International Ministries

Relief from a fatal epidemic

September 16, 2007 Journal
Tweet

It started in the forest.

A man from the village Bena-monyi had been in the forest hunting. He came to an area where there were dead birds and mammals on the ground and he ate some. Two weeks later he developed severe abdominal pain and fever and was taken to a small mission hospital where he subsequently died. He was an important individual and many attended his funeral. All 27 persons who handled his corpse subsequently developed the same symptoms.


Caption: A child is taken to an isolation ward with Ebola

Those who fell ill wondered if evil spirits from the dead man had cast a spell on them. Some went to traditional healers seeking relief from the spirits; others visited church structures hoping to be purified. None of these efforts worked, and two weeks later all 27 were dead. Those who took care of the 27 then became ill and the virus spread from village to village. Some of the sick left their villages and traveled to larger towns seeking sophisticated care; others with the means took a bus into the city to visit better equipped medical facilities. Within two months an entire province was in the midst of a full fledged epidemic of unknown causes.

Because of the proximity of the area to previous outbreaks of hemorrhagic fever (also known as "Ebola") 10 to 12 years ago, some wondered if this was Ebola or Marburg. Others postulated typhoid or dysentery since those who died had symptoms of severe diarrhea and dehydration. The government called for help, and our health team was one of the first to respond; sending a plane and supplies into this very isolated area of Congo, nearly six hundred miles from home. We were alarmed at the number of deaths in rural clinics and hospitals, the numbers exceeding what had been reported.
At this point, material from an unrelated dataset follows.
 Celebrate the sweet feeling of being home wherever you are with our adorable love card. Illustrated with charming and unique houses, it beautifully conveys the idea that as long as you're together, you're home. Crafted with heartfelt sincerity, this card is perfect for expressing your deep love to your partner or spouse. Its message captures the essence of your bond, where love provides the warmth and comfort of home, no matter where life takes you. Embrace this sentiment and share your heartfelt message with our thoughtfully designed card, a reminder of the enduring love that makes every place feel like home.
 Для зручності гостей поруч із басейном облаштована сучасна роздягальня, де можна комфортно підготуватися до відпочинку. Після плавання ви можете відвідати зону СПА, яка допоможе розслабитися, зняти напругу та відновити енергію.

When the samples we had brought back and sent to the US Centers for Disease Control and Prevention tested positive for Ebola, we knew this would only get worse.


Caption: Preparing to walk into town with members of CDC Atlanta after landing in Luebo

I flew back to the epicenter, ground zero, a week later, this time with a team from the CDC in Atlanta well-equipped with the latest protective gear and ultra-filter masks. Things have escalated since last week, but the Congolese doctors and nurses on the ground are now using the gloves, masks, and gowns we had dropped off a week earlier. A nurse who had been exposed just before our last trip subsequently came down with characteristic symptoms and was dying; as was a 13-year old boy in the bed next to her who had cared for his dying father; and was now too dying. The number of tabulated deaths is close to 200, but those are only people who died in hospitals or clinics and were counted. We have no ideas how many more remained at home or died in the forest where large numbers have fled hoping to avoid this fatal virus.
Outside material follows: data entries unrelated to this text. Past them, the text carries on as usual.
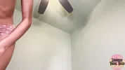 Hot yoga instructor stuffing Jean Shorts with cum through JOI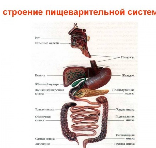 В толстой кишке заканчивается переваривание пищи. Она начинается в грудной клетке, переходит в полость живота и опускается в малый таз. Ее длина 1-1,7 м, просвет 4 - 8 см. Заканчивается анусом — наружным отверстием для выделения отработанных шлаков.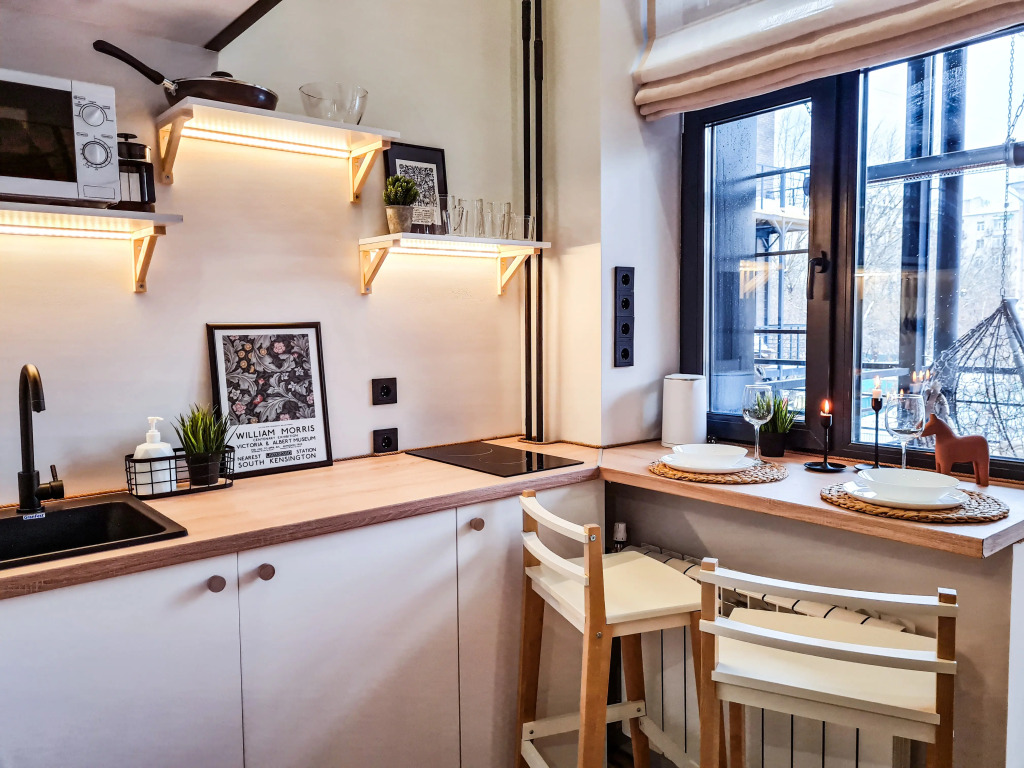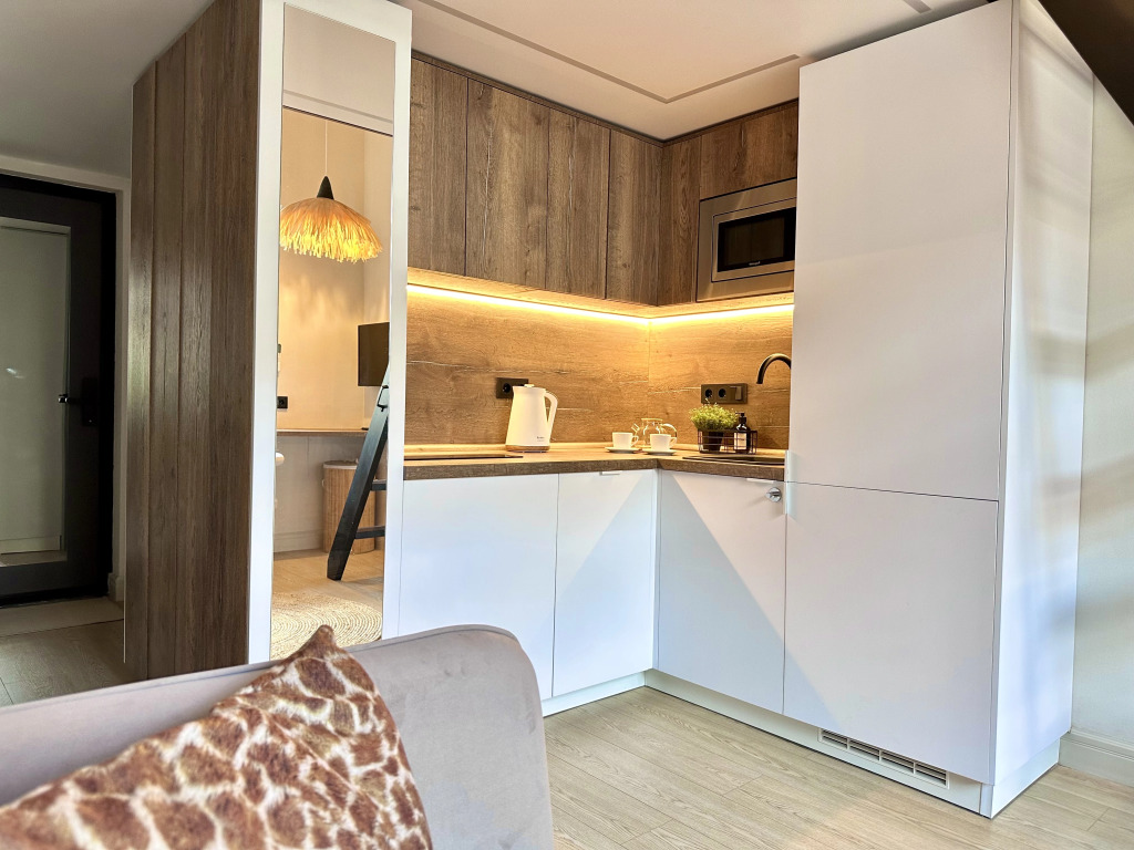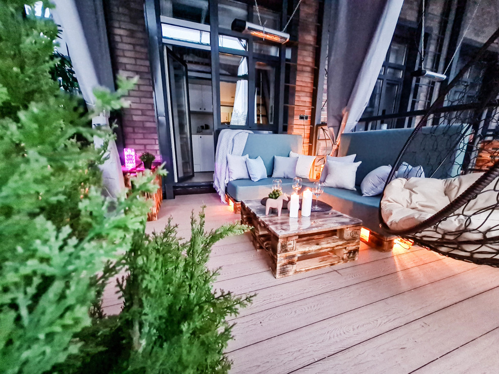 В номере есть телевизор, холодильник, электрический чайник, стиральная машина, электрическая плита, микроволновая печь. В номерах с террасами установлены потолочные инфракрасные обогреватели, что позволяет находиться на свежем воздухе даже в прохладную погоду. Оснащение зависит от выбранной категории номера.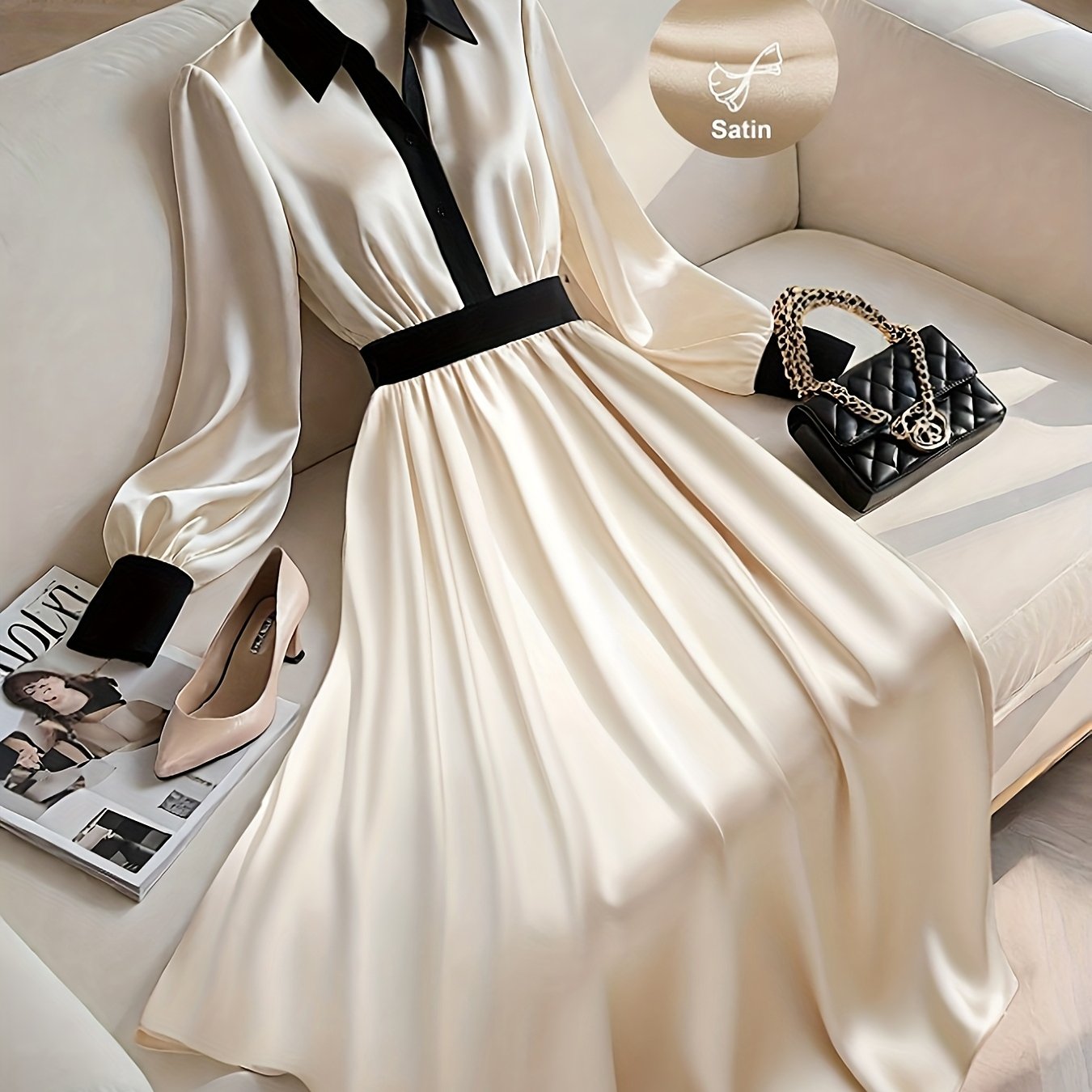 TEMU 여성용 우아하고 대비되는 드레스 - 긴소매 A라인 실루엣, 라펠 칼라, 오피스 및 파티용 구조적인 핏

“What is the cause of this disease which is bringing so much death upon us” we were asked by people in the town of Mweka, which recorded some of the first cases; “an evil spirit, a contaminant in the water; a germ from deep in the forest?” The microbial agent or virus may have come from afar, but the behavior or misjudgment that brought the disease to humans is close to home.

That village hunter knew he was not supposed to eat dead animals, but he was hungry; and the consequences of that single act are wreaking havoc in our midst today.

Whose fault is this epidemic? The fault lies with all of us: the hunter who ate what he should not have, the family who washed a dead body and did not wash themselves, a system that allows health clinics and hospitals to operate without gloves, running water or soap, and a response that was initially misguided and late.

Who pays the price?...we all do and in many forms: the economic cost, the risks to those who travel into the hot zone, the anxiety, the anguish, and the most extracting price, life itself. The comfort I take home, as I return to Kinshasa on this second flight from the epicenter, is that one greater than us has paid the ultimate price which will not only wipe away the ravages of diseases such as Ebola, but the ravages and consequences of personal sin; especially my own.. It is faith alone that purifies.